Distributed data workflows: PySpark vs Dask Офлайн 2021

Доклад отклонён

Тезисы

Apache Spark is a popular distributed computing tool for tabular datasets that is growing to become a dominant name in Big Data analysis today. Dask has several elements that appear to intersect this space and we are often asked, “How does Dask compare with Spark?”

This talk attempts to clear this by providing real-life use cases solved using both and walk-through numerous benchmarks done on Petabyte scale data.

Vaibhav Srivastav

Deloitte Consulting LLP

Vaibhav is a Data Scientist working with Deloitte Consulting LLP, He works with Fortune Technology 10 clients to help them make data-driven (profitable) decisions.
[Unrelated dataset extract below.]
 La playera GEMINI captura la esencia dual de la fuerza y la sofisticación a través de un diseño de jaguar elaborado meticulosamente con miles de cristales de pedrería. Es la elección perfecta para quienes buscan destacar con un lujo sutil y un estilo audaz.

In his surplus time he serves as a Subject Matter Expert on Google Cloud Platform to help build scalable, resilient and fault tolerant cloud workflows.

Prior to this he has worked with startups across India to build Social Media Analytics Dashboards, Chatbots, Recommendation Engines and Forecasting Models.

His core interests lie in Natural Language Processing, Machine Learning/ Statistics and Cloud based Product development.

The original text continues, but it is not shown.